Italian military commander

Piera Fondelli Gatteschi (22 August 1902 - 7 September 1985) was the commander of the Female Auxiliary Service of the Italian Social Republic, a member of the National Fascist Party and a participant in the March on Rome.

==Early life==
Piera Fondelli was born in Poppi in Tuscany. Her father died before her birth and she moved to Rome with her mother before 1914. On 23 March 1921, she enrolled in the Fasci Italiani di Combattimento in Rome with Ines Donati with whom she attended the Accademia di Belle Arti di Roma. On 19 October 1922 she took part in the PNF congress held in Naples and on 28 October, the twenty-year-old Piera was the head of a small group of twenty women who formed the "honor squad escorting the pennant" and with them participated in the March on Rome.

She then became inspector of the Federation of the Urbe, taking care of the Opera nazionale maternità e infanzia, of the Italian Red Cross. In 1936 she left her post to follow Count Mario Gatteschi in Italian East Africa, whom she married becoming the Countess Gatteschi Fondelli, an engineer who directed the works on the Assab-Addis Ababa road. When, three years later, she returned to Italy, Mussolini appointed her a Trustee of the Female Fasci of the City which had 150,000 members and in 1940 a national inspector for the party.

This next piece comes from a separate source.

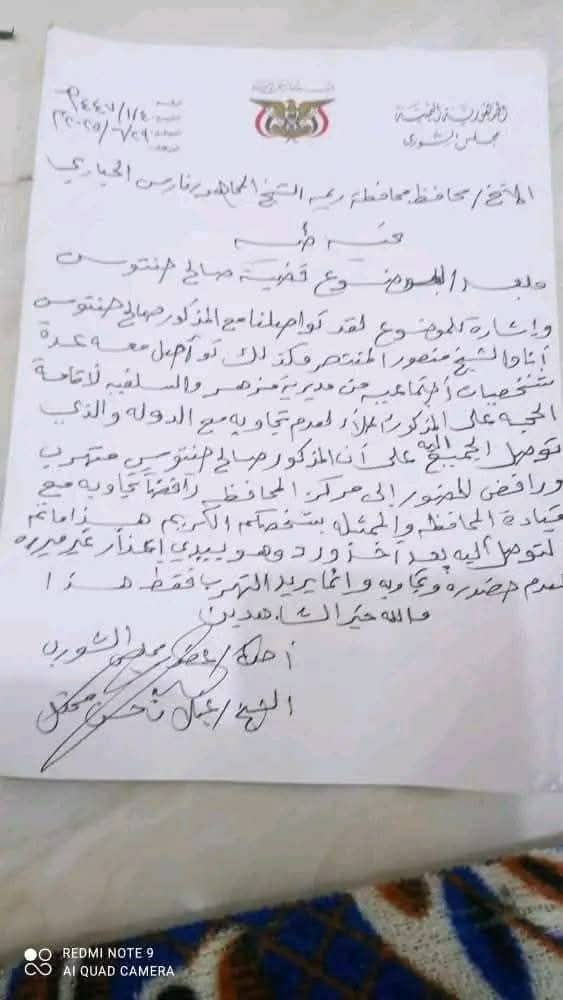 وحسب المصادر من أهالي منطقة السلفية بأنه رغم المساعي الرسمية والاجتماعية لحل القضية سلمياً، ومنها تدخل وكيل المحافظة الشيخ محمد عبده مراد، وقيادات اجتماعية كعضو مجلس الشورى الشيخ غيلان حسن والشيخ منصور المنتصر، إلا أن المدعو حنتوس أصرّ على الرفض ورفض الاعتراف بالدولة وأجهزتها الأمنية.
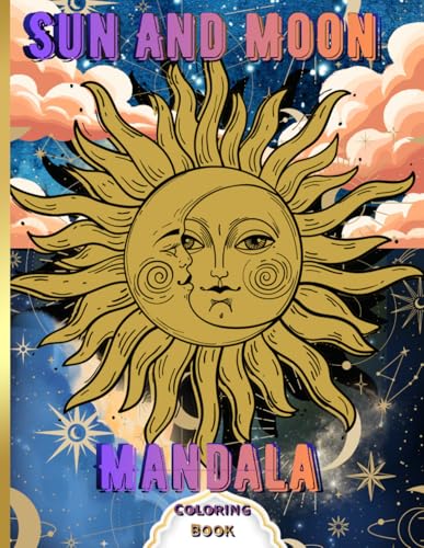 Sun and Moon Mandala Coloring. Book Stress Relief and Relaxing Mandala Coloring Book: for Adults and Teens with Sun & Moon Patterns, Zodiac Mandalas, Mazes, Sudoku, and Word Search Puzzles

After the fall of fascism on 25 July 1943, she took refuge with her in-laws in the Casentino, while her husband, who returned to Africa as a fighter, was imprisoned by the British in Kenya. Informed that Mussolini was freed and founded the Italian Social Republic in Northern Italy, Piera moved to Brescia and started a new collaboration with Alessandro Pavolini, the party secretary. Here, at the end of 1943, Piera wrote to the Mussolini the desire of fascist women to have a more incisive role in the defense of the country, a project supported by Pavolini and accepted by Rodolfo Graziani, since many men were needed for the war and women became necessary to assist them and to replace them in the many non-front-line roles.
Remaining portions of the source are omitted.